Task directions: Please set down only the lines from the one containing "ঈদের ছুটি ও" through the end of the entries below, exactly, minus any pictures.

(Collected data)
____
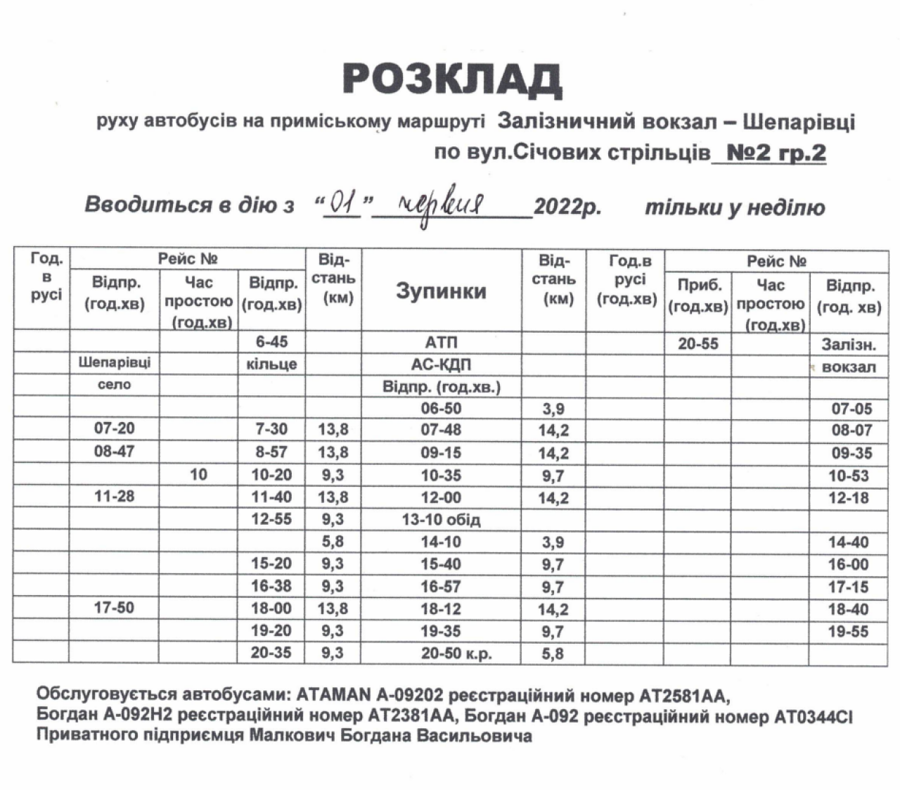 У Коломиї внесено зміни у маршрут автобуса №2. РОЗКЛАД
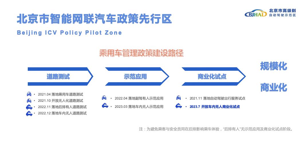 2021年4月,北京市智能网联汽车政策先行区(以下简称“先行区”)成立,既宣布分阶段有序推进场景开放。同年10月至11月,在国内率先开放车内有安全员的自动驾驶无人化道路测试与出行服务商业化试点。今年3月,进入“车内无人”载人示范应用阶段。
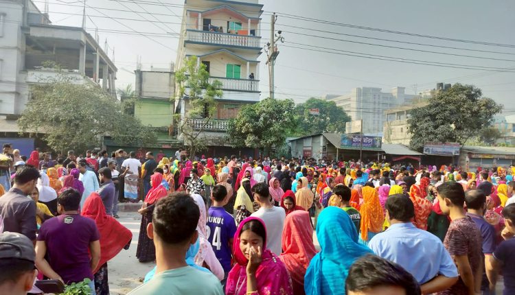 ঈদের ছুটি ও বেতনের দাবিতে সাভারে শ্রমিক বিক্ষোভ
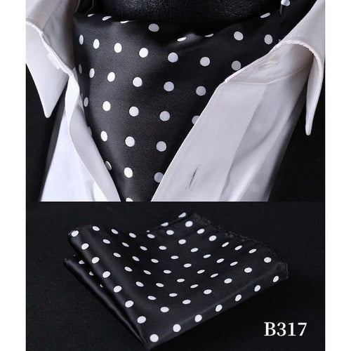 Charcoal Black Polka Dot Silk Ascot/Cravat Tie & Handkerchief
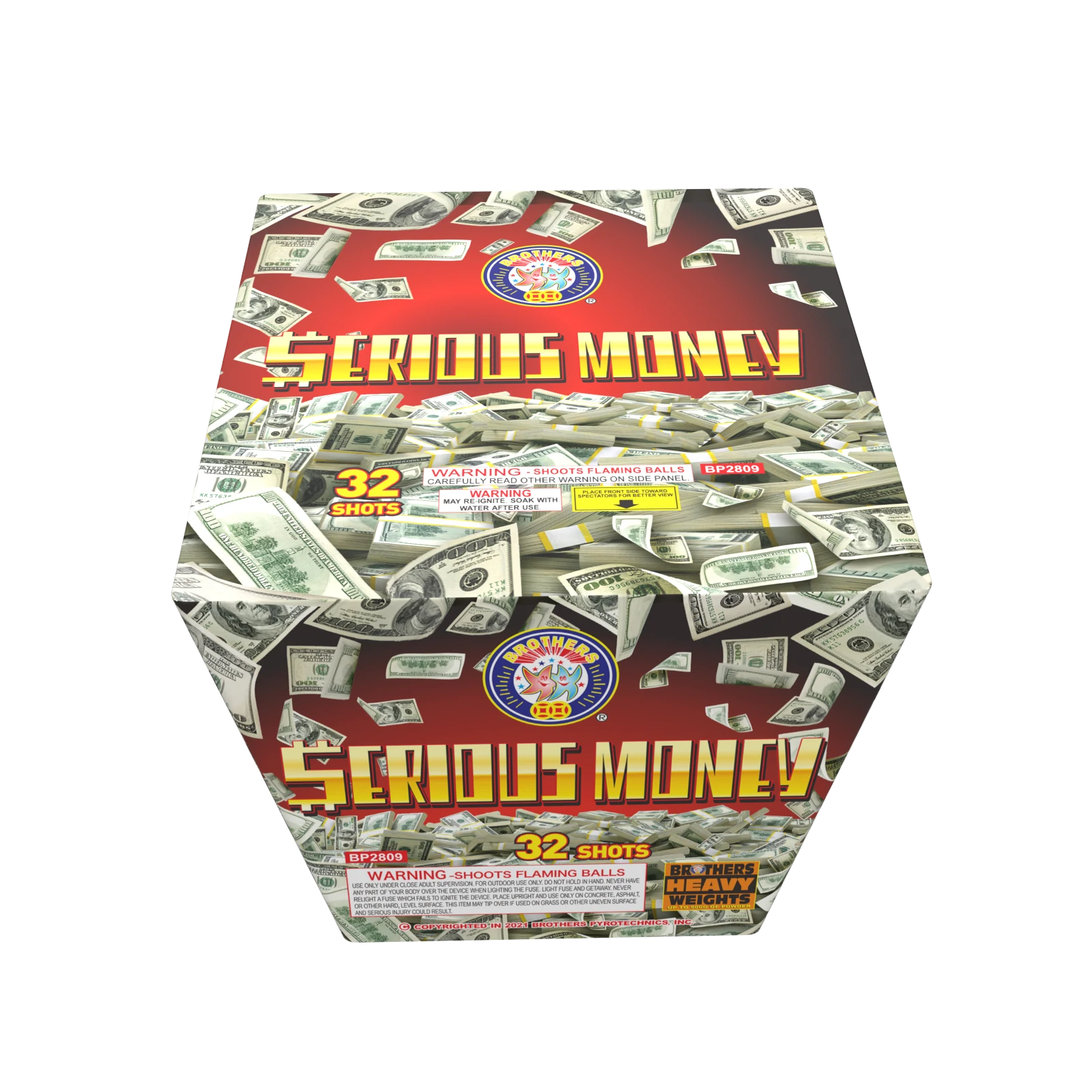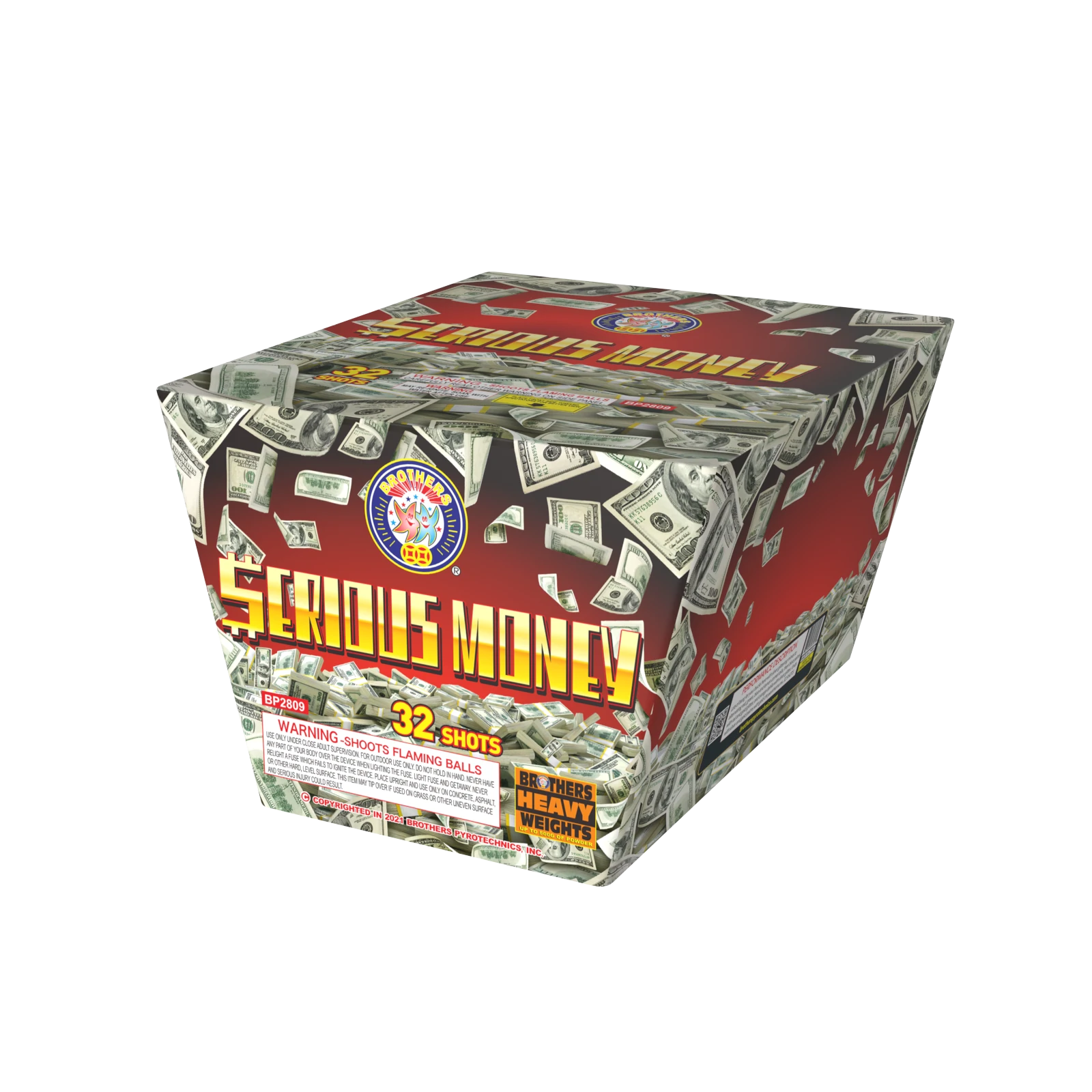 Lots of bang for your bucks here with silver glittering mines to alternating red, green, blue and lemon comet tails, then blue palms with red and gold glitter, and orange dahlia with silver glitter. Ends with silver and gold palms with gold chrysanthemums. 32 SHOTS
____
Reply to the task:
 ঈদের ছুটি ও বেতনের দাবিতে সাভারে শ্রমিক বিক্ষোভ
 Charcoal Black Polka Dot Silk Ascot/Cravat Tie & Handkerchief
 Lots of bang for your bucks here with silver glittering mines to alternating red, green, blue and lemon comet tails, then blue palms with red and gold glitter, and orange dahlia with silver glitter. Ends with silver and gold palms with gold chrysanthemums. 32 SHOTS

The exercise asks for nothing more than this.